1.2 - The Scalar (Dot) Product

Introduction

The scalar product (also called the dot product or inner product) is a way to multiply two vectors together to obtain a scalar (a number without direction). This operation is fundamental in physics for calculating work, projections, angles between vectors, and many other applications.

Geometric Definition of the Scalar Product:

The scalar product of two vectors $\mathbf{a}$ and $\mathbf{b}$ is denoted by $\mathbf{a} \cdot \mathbf{b}$ and is defined as:

\mathbf{a} \cdot \mathbf{b} = ab\cos\theta

where $\theta$ is the angle between the two vectors when they are placed tail-to-tail, and $a$ and $b$ are the magnitudes of vectors $\mathbf{a}$ and $\mathbf{b}$ respectively.

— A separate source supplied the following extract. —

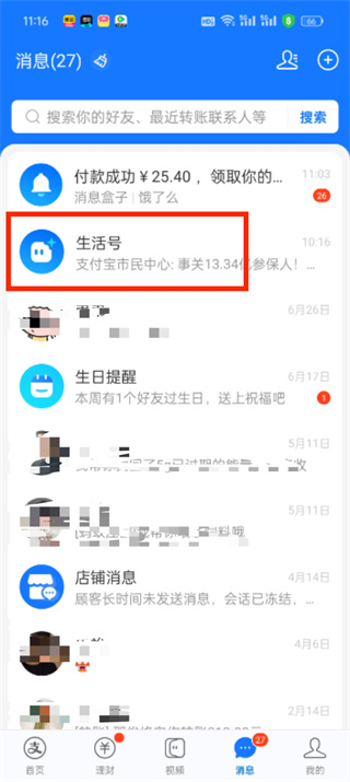 2、在消息页面中选择【生活号】;

When the vectors are written in component form using a Cartesian coordinate system, the scalar product is simply the sum of the products of the components.

Scalar Product in Component Form (Cartesian Coordinates):

The scalar product can be written as the sum of the products of the vector components. For two vectors $\mathbf{a} = a_x\hat{x} + a_y\hat{y} + a_z\hat{z}$ and $\mathbf{b} = b_x\hat{x} + b_y\hat{y} + b_z\hat{z}$ the scalar product is:

\mathbf{a} \cdot \mathbf{b} = a_x b_x + a_y b_y + a_z b_z

or equivalently:

\mathbf{a} \cdot \mathbf{b} = \sum_{i=1}^3 a_i b_i.

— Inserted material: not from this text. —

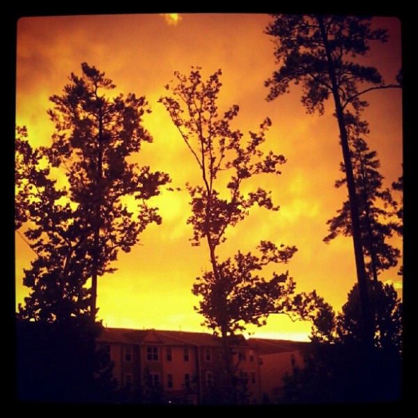 We had a wicked storm here today. Like thunder rumbling right under the feet and lightening flashing like strobe lights and winds throwing the trees around outside. The most annoying thing about it all? Our house's little dog, Honeybee (8 pounds soaking wet), was shaking the entire couch and panting as loud as an elephant (if they ever panted). But the aftermath of the storm was beautiful - rainbows, clouds, an awesome sunset were spotted by my local FB friends. What do I see? An eerie orange twilight straight out of a Halloween movie. Ha! (Picture below) It was still strangely beautiful. I love this Creation!

where the summation is over the vector components.

Key Properties

Properties of the Scalar Product:

Commutative: $\mathbf{a} \cdot \mathbf{b} = \mathbf{b} \cdot \mathbf{a}$
Distributive: $\mathbf{a} \cdot (\mathbf{b} + \mathbf{c}) = \mathbf{a} \cdot \mathbf{b} + \mathbf{a} \cdot \mathbf{c}$
Scalar multiplication: $(k\mathbf{a}) \cdot \mathbf{b} = k(\mathbf{a} \cdot \mathbf{b})$ for any scalar $k$
Dot product with itself: $\mathbf{a} \cdot \mathbf{a} = |\mathbf{a}|^2 = a^2$. In other words, the magnitude of a vector is the square root of the dot product of the vector with itself: $|\mathbf{a}| = \sqrt{\mathbf{a} \cdot \mathbf{a}}$.
Orthogonal vectors: If $\mathbf{a} \cdot \mathbf{b} = 0$, then the vectors are perpendicular (orthogonal)

Geometric Interpretation

The scalar product has an important geometric meaning. The quantity $\mathbf{a} \cdot \mathbf{b}$ equals the magnitude of $\mathbf{a}$ times the component of $\mathbf{b}$ in the direction of $\mathbf{a}$ (or vice versa). This is equivalent to:

\mathbf{a} \cdot \mathbf{b} = a \left[b\cos\theta\right] = b \left[a\cos\theta\right]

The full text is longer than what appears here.